BEGIN
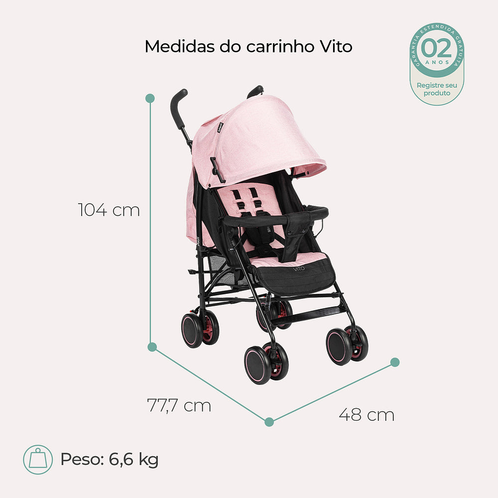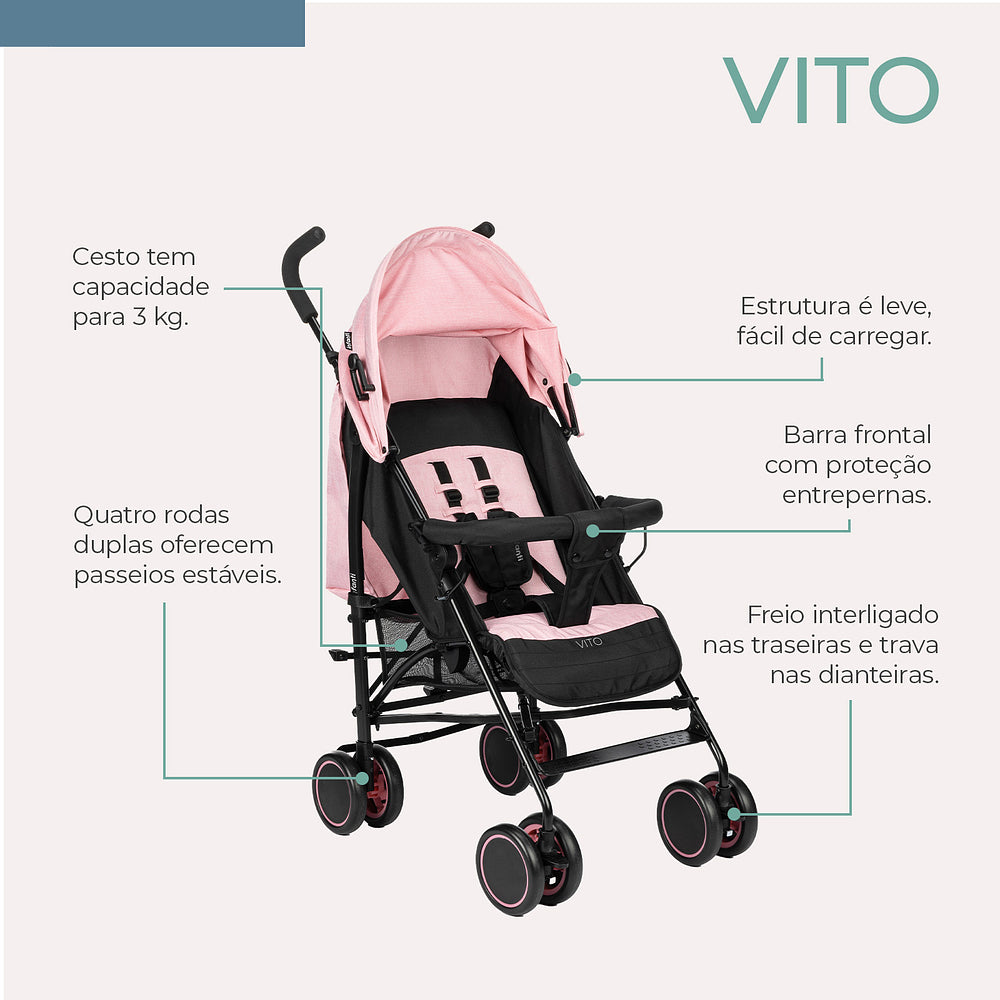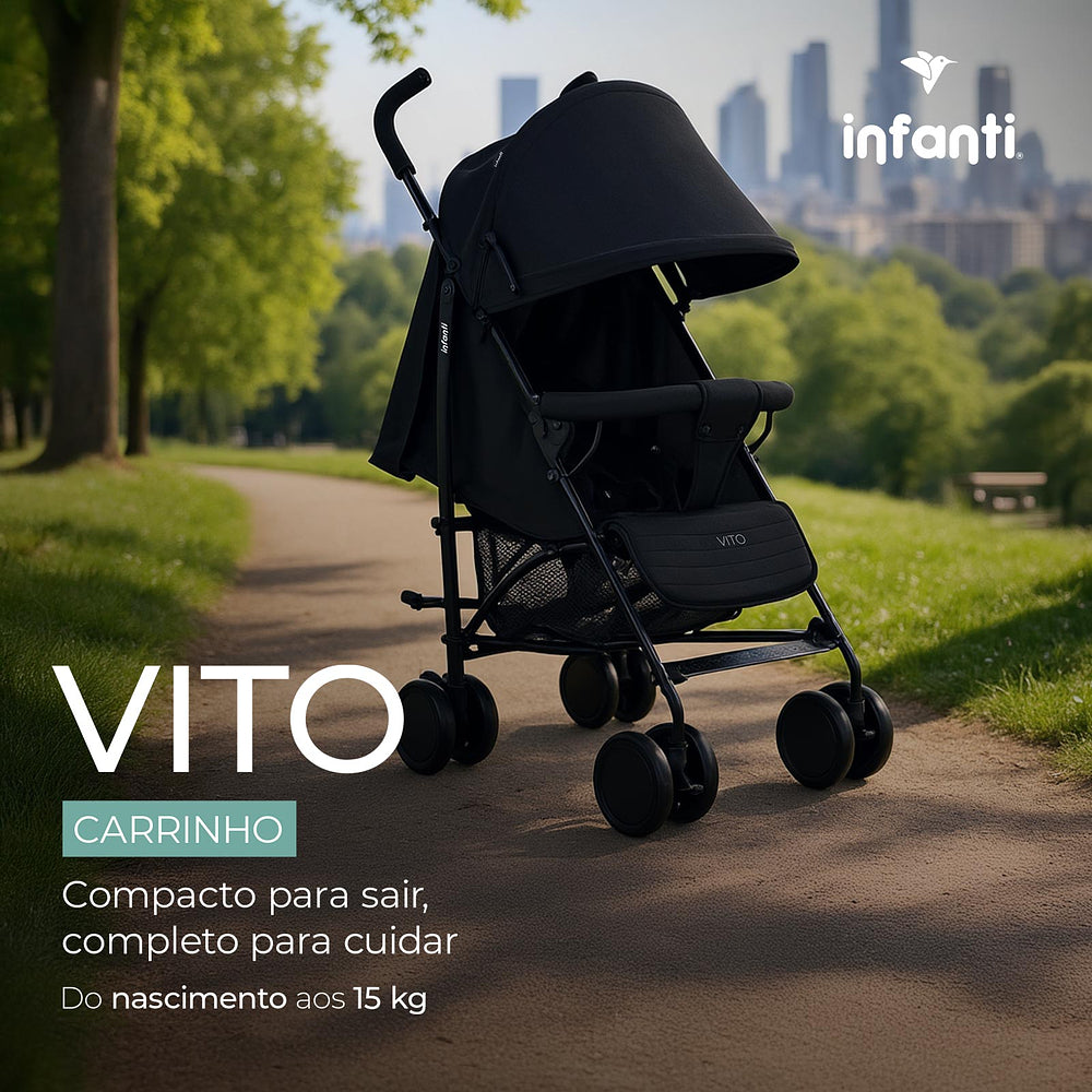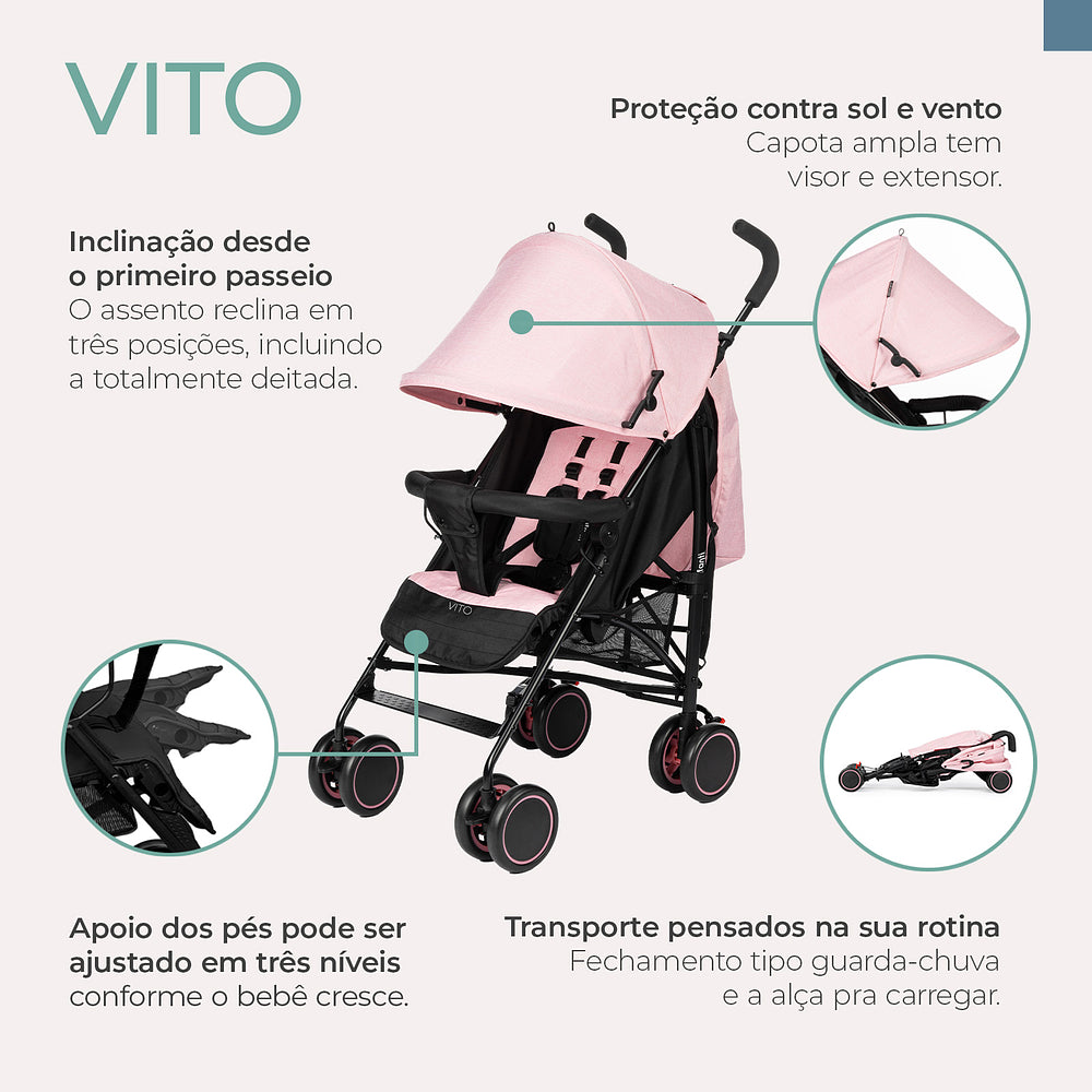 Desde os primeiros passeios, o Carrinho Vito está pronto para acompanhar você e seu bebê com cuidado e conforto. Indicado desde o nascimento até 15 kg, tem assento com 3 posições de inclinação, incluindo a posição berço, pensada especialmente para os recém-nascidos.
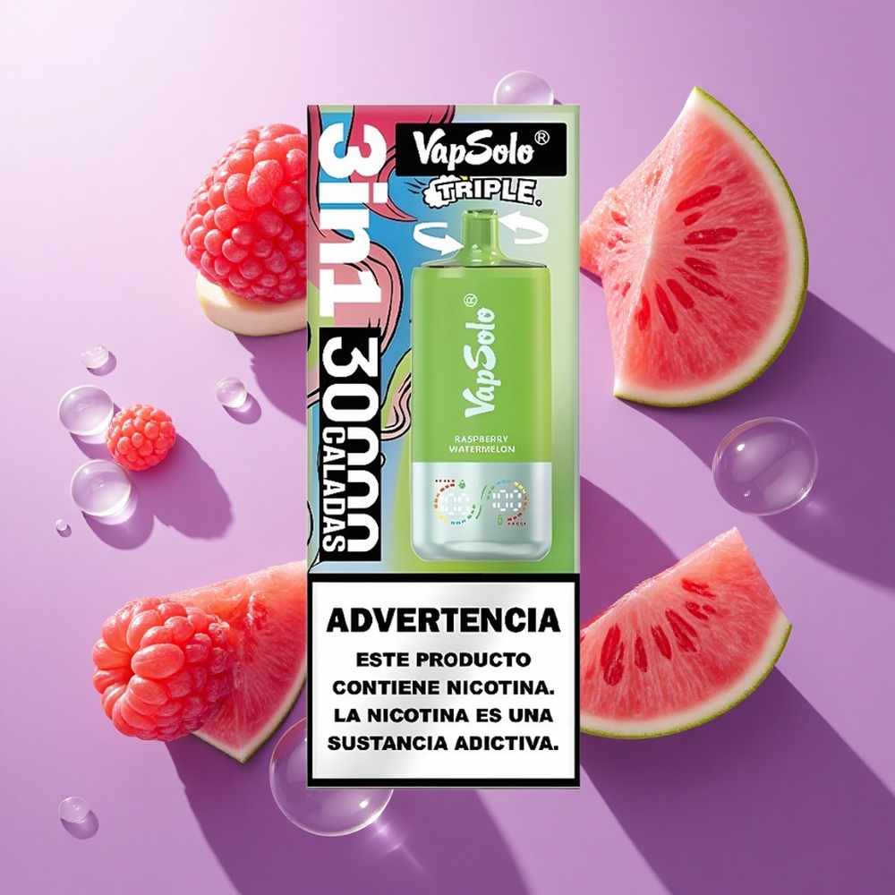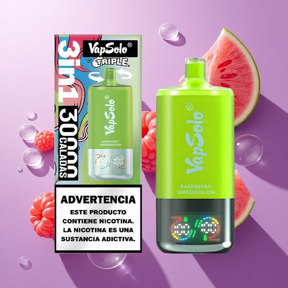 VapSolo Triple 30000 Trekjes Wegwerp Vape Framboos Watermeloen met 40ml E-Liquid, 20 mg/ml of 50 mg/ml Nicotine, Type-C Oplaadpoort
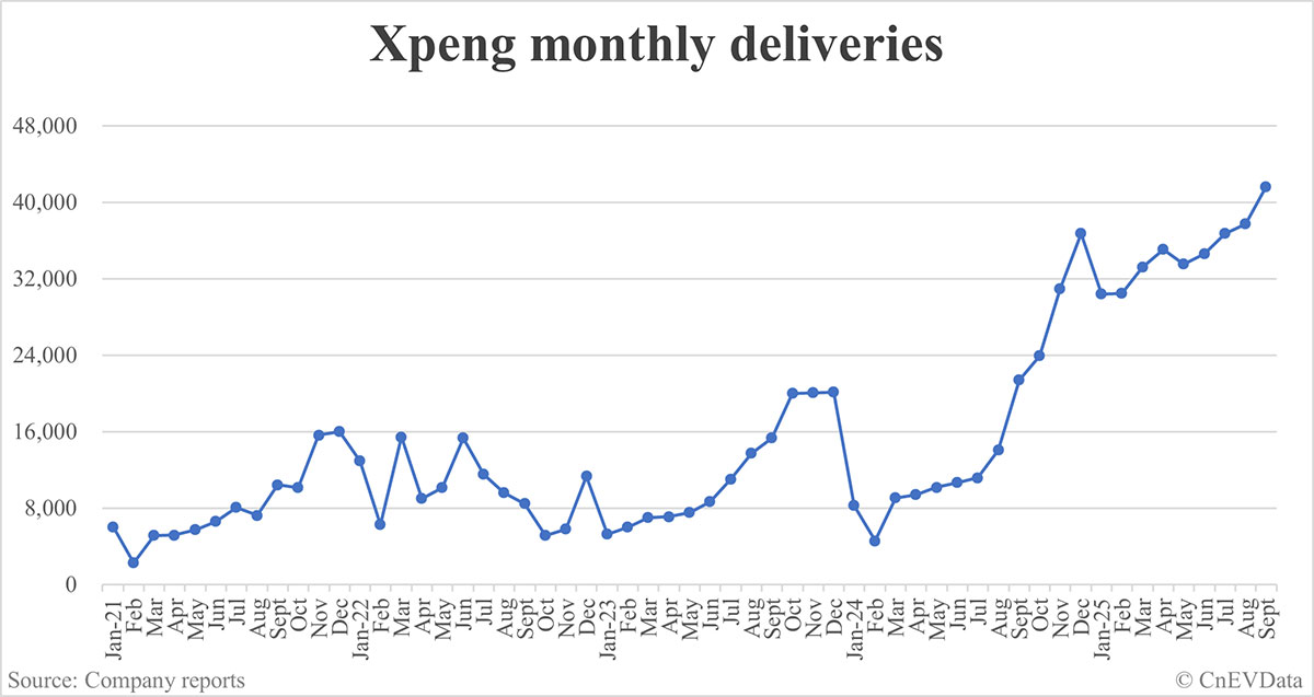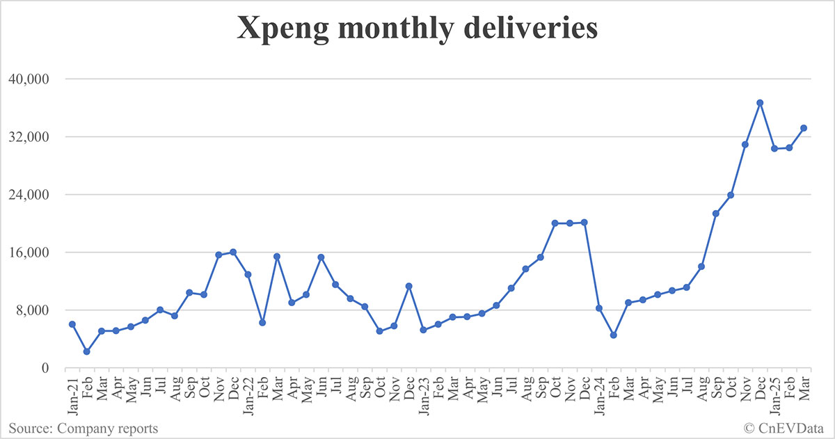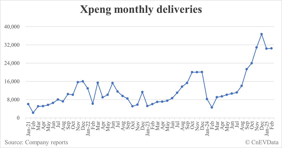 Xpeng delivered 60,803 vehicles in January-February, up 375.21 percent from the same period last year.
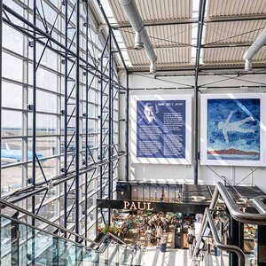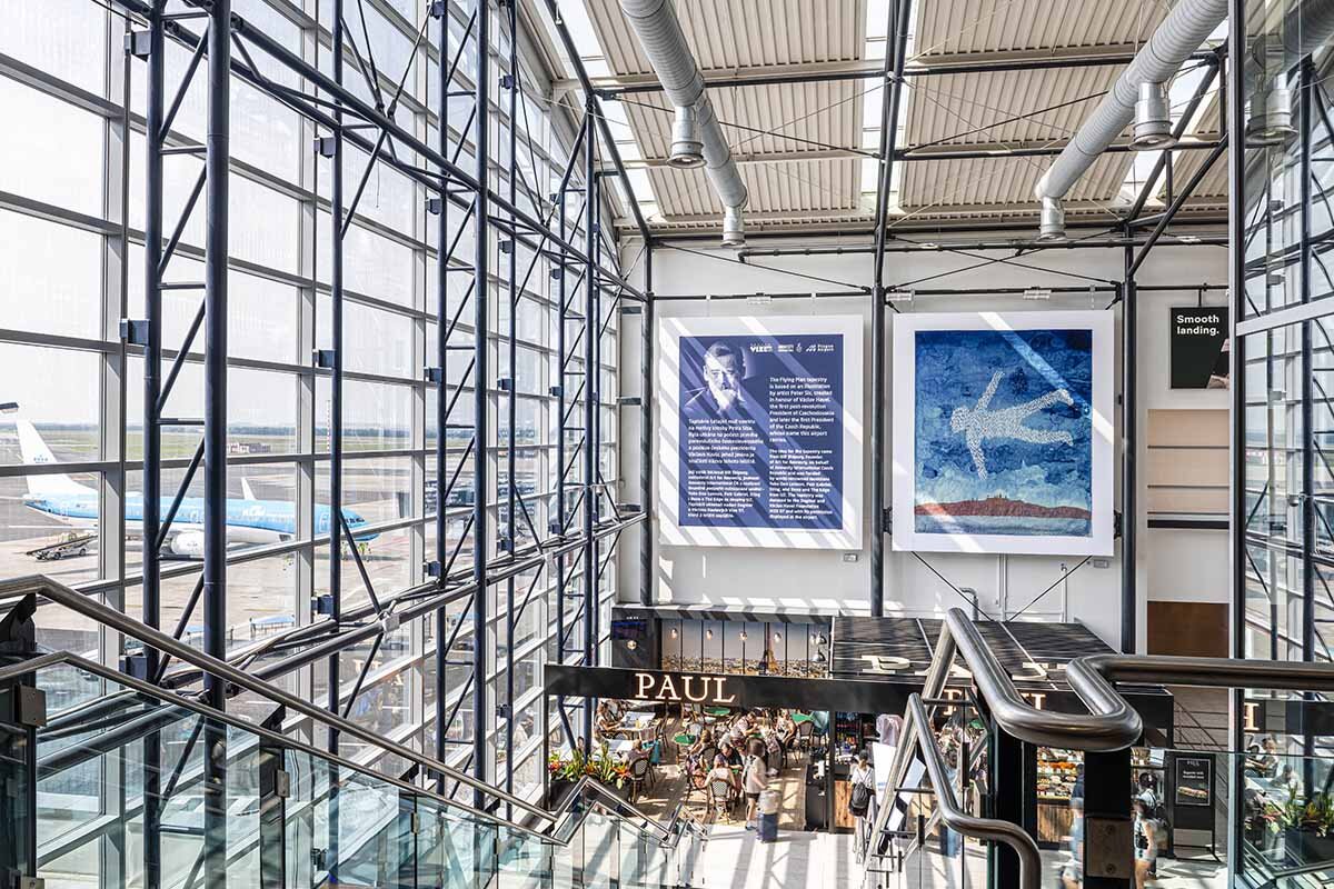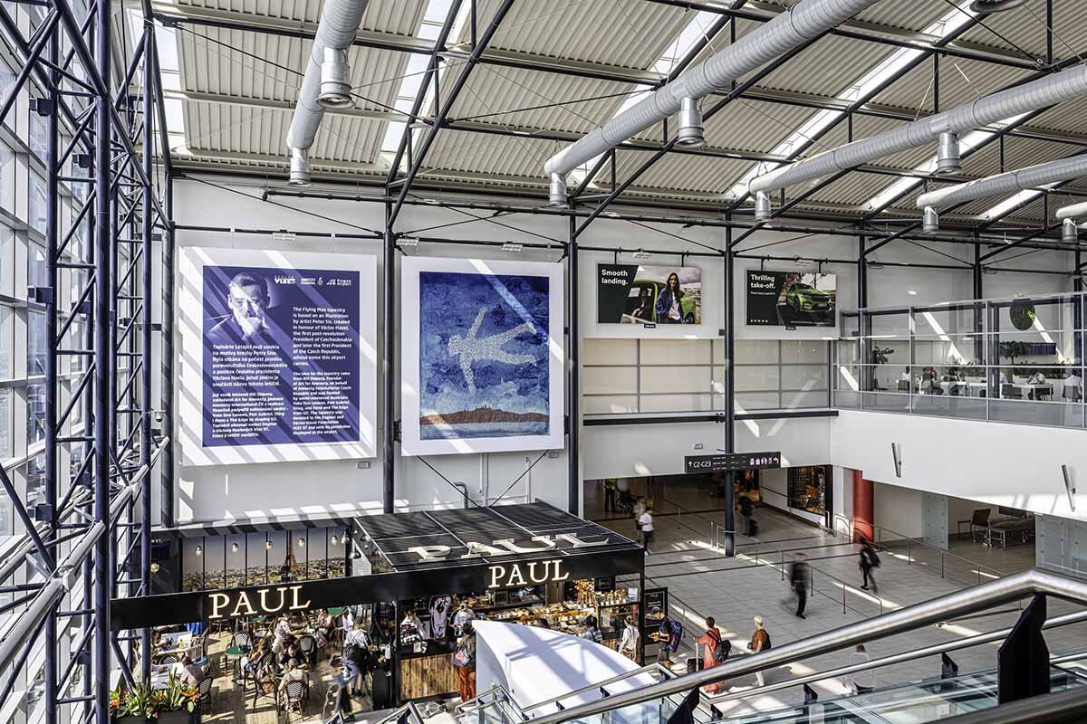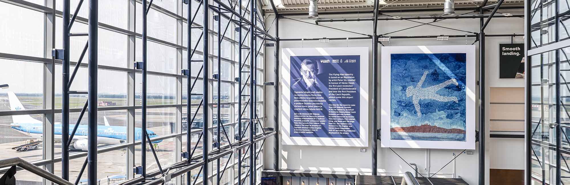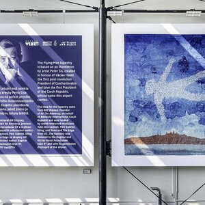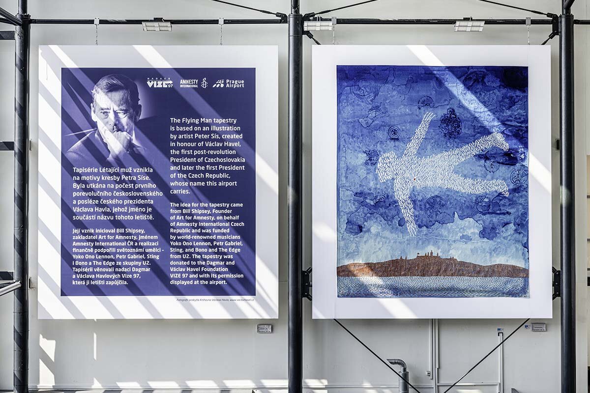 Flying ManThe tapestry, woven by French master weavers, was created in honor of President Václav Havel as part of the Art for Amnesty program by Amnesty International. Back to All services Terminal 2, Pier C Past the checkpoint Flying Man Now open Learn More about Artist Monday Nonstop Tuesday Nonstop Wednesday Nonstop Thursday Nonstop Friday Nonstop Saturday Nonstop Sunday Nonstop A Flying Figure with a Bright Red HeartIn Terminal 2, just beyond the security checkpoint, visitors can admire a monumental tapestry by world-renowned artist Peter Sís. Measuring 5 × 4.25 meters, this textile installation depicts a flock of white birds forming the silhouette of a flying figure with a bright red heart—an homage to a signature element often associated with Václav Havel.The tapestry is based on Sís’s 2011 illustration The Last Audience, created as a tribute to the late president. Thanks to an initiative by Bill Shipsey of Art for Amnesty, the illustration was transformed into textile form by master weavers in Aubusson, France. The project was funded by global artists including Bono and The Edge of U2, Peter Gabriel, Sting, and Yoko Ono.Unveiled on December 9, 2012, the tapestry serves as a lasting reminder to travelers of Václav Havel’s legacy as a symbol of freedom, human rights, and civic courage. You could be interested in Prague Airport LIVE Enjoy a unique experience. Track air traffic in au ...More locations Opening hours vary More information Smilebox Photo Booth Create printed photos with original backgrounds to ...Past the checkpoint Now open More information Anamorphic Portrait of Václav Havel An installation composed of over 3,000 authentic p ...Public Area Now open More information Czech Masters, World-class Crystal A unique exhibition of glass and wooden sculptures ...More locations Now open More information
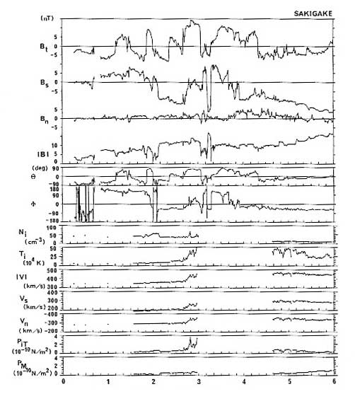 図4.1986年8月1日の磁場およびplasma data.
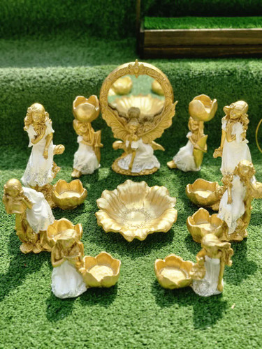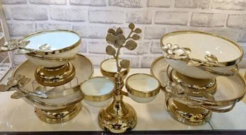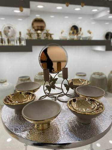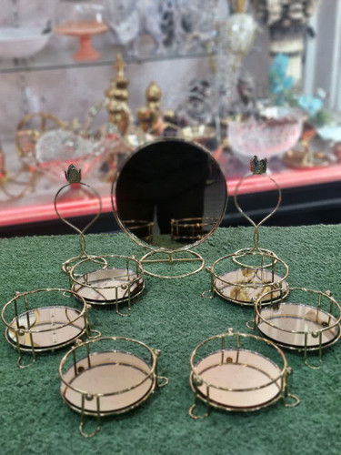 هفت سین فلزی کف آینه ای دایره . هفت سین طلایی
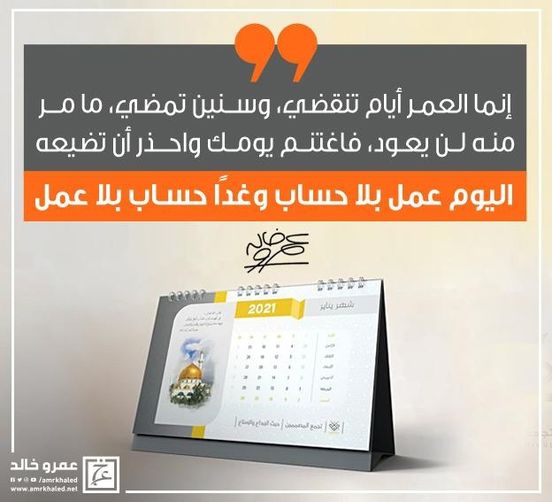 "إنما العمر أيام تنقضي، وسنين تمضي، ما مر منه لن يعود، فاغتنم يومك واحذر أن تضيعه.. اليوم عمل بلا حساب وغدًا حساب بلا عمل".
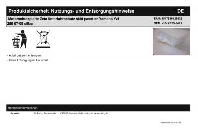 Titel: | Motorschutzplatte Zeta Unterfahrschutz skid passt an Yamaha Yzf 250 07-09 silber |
END
Problem :: In the data above, find the line containing "VapSolo Triple 30000" and the line containing "Xpeng delivered 60,803". Copy exactly the stretch from the first through the second, both included, leaving out any picture.

Result of the exercise ::
 VapSolo Triple 30000 Trekjes Wegwerp Vape Framboos Watermeloen met 40ml E-Liquid, 20 mg/ml of 50 mg/ml Nicotine, Type-C Oplaadpoort
 Xpeng delivered 60,803 vehicles in January-February, up 375.21 percent from the same period last year.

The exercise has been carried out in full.